To speed the process, he and Mochizuki built a funnel out of a large plastic water bottle, a device that allowed the bubbles to be collected and directed into the sample vial without the gloved hands being so close to the heat.   The booted feet, however, remained a problem and the heat just had to be endured.

Nearby the steaming bubbling of the hot spring were collections of what appeared to be fine etchings on the bottom of the red channel. These faint designs, McGlynn explained, were the product of a microbe that makes it’s way along the bottom and deposits lines of processed iron oxide as it goes. So while the elegant designs are not organic, the creatures that creates them surely is.

“Touch the area and the lines go poof,” McGlynn said. “That’s because they’re just the iron oxide; nothing more. Next to us is the water with much less iron and a lot more oxygen, and so there are blooms of (green) cyanobacteria. Touch them and they don’t go poof, they stick to your hand because they’re alive.”

Filaments created by microbes as they deposit iron oxide at the bottom of small channel. (Marc Kaufman)

McGlynn also collects some of the the poofs to get at the microbes making the unusual etchings. It may be a microbe never identified before.

As a microbiologist, he is of course interested in identifying and classifying microbes. He initially thought the microbes in the iron channel would be anaerobic, but he found that even tiny amount of oxygen making their way into the springs from the atmosphere made most aerobic, or possibly anaerobes capable of surviving with oxygen (which usually is toxic to them.)

He also found that laboratory studies that found cyanobacteria would not flourish in the presence of iron were not accurate in nature, or certainly were not accurate at Jinata onsen.

But it is that flow of electrons that really drives McGlynn – he even dreams of them at night, he told me.

One of the goals of his work, and that of his colleague and sometimes collaborator at ELSI, geobiochemist Yuichiro Ueno, is to answer some of the outstanding questions about that flow of electrons (electricity) from the core of the Earth. The energy transits through the mantle, to the surface and then often is in contact with the biosphere (all living things) before it enters the atmosphere and sometimes disappears into space.
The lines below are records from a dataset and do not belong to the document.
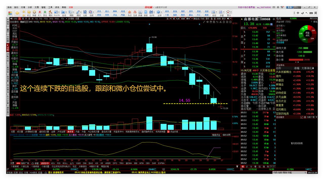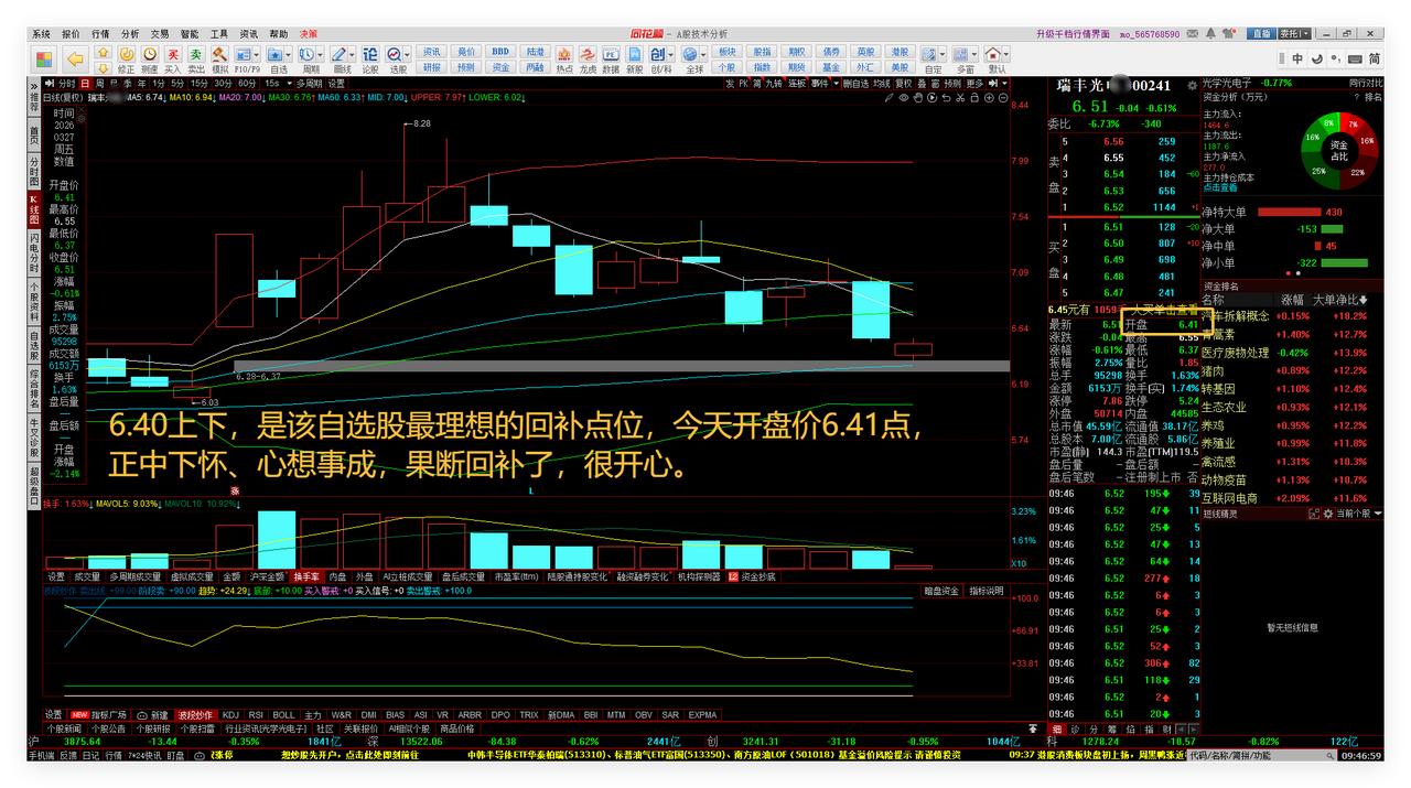 大盘低开的理想典范!心想事成:给了我低位回补的好机会! 1、大盘低开的理想典范! 这是我昨晚的技术分析画图,3855点那条线就是近期在大盘技术回踩时中规中矩的最理想的点位。果然,今天开盘,大盘就直接开在3852点,非常接近大盘实战趋势预判的3855点了。可见,做好大盘实战趋势预判,也是有价值的。敬请参阅附图1。 2、心想事成:给了我低位回补的好机会! 6.40上下,是该自选股最理想的回补点位,今天开盘价6.41点,正中下怀、心想事成,果断回补了,很开心。敬请参阅附图2。 可以T+0的ETF中长线自选股,今天也是给力,给出了合适的低位回补机会。敬请参阅附图3。 这个连续下跌的自选股,跟踪和微小仓位尝试中。敬请参阅附图4。 本文是我的股道修行日记。 老铁们下期再见点赞发财。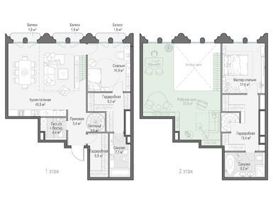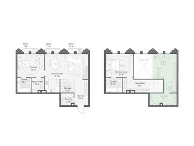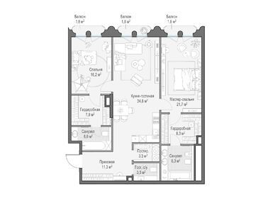Планировки многокомнатных квартир в Клубном квартале «Фрунзенская набережная»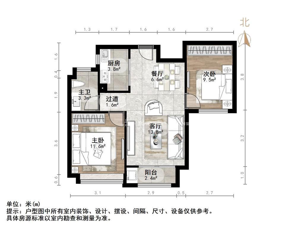 2、户型优势:南北卧室,客厅方正好用,单元对讲门,大院传达,安全性高!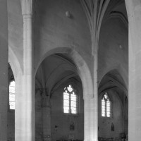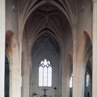 La plupart des retombées des voûtes s’effectuent par pénétration sur des piliers de plan ondulé. On note toutefois la présence de frises sculptées (motifs floraux, vigne, animaux, figures humaines) tenant lieu de chapiteau entre la troisième et quatrième travée du bas-côté nord et au chevet. Peut-être sont-elles à mettre en relation avec une chapelle aujourd’hui détruite, dédiée à Saint-Vincent, patron des vignerons. Remployé dans le bas-côté sud, un cul-de-lampe – ou chapiteau – à tête humaine, du 12ème siècle, provient sans doute de l’église précédente.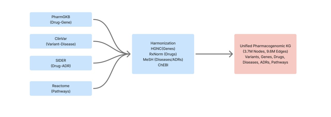One of the big challenges in drug development is data silos. Information about drugs, genes, clinical phenotypes, and pathways is scattered across databases like PharmGKB, ClinVar, SIDER, and Reactome. Each database is like a separate box of puzzle pieces. This preprint describes the work of putting those pieces together—integrating, cleaning, and organizing them into one giant relationship map: the Pharmacogenomic Knowledge Graph (PGx-KG).

He likened the process to the workings of a gigantic battery, with the iron core as the cathode and the oxygen in the atmosphere as the anode. Understanding the chemical pathways traveled by the electrons today, he is convinced, will tell a great deal about conditions on the early Earth as well.
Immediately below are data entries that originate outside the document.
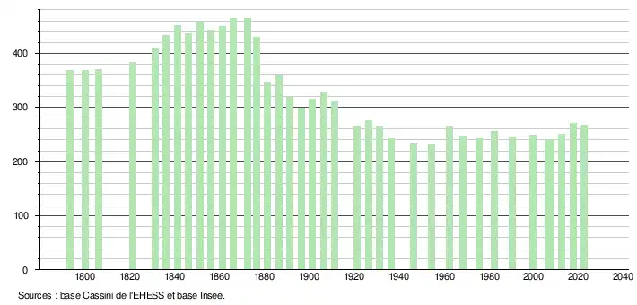 L'évolution du nombre d'habitants est connue à travers les recensements de la population effectués dans la commune depuis 1793. Pour les communes de moins de 10 000 habitants, une enquête de recensement portant sur toute la population est réalisée tous les cinq ans, les populations de référence des années intermédiaires étant quant à elles estimées par interpolation ou extrapolation[13]. Pour la commune, le premier recensement exhaustif entrant dans le cadre du nouveau dispositif a été réalisé en 2007[14].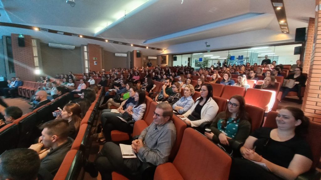 Na oportunidade, 240 pessoas ouviram foram recepcionas pela auditora fiscal do município Rejane Pereira que abriu o evento, seguida das boas vindas do presidente do Sescon Serra Gaúcha Osmar Junior Tomielo da Rocha e do Prefeito de Caxias do Sul Adiló Didomenico.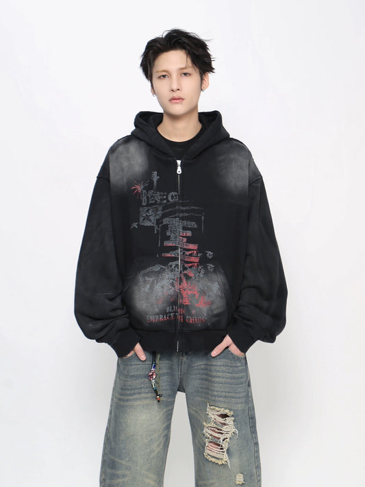Heavyweight Spray Paint Zipper Hoodie WN21021

It’s all important research in what is a chipping away of the many unknowns in the stories of the origins of Earth and the origin of life.

A boundary between where the very hot iron-rich water meets and the less hot water with thriving cyanobacteria colonies at Jinata.

The field work also illustrated the hit-and-miss nature of these kind of outings. While McGlynn has not come up with Jinata surprises or novel understandings, he was so taken with the setting that he wondered if a seemly empty building not too far from the site could be turned into an ELSI marine lab.

And while Mochizuki did not find sufficiently hot water for his work, he might still be coming back to the island, or others nearby. That’s because he learned of a potentially much hotter spring at a spot where the sea hits one of the island’s steep cliffs – a site that requires boat access that was unsafe in the choppy waters during this particular visit.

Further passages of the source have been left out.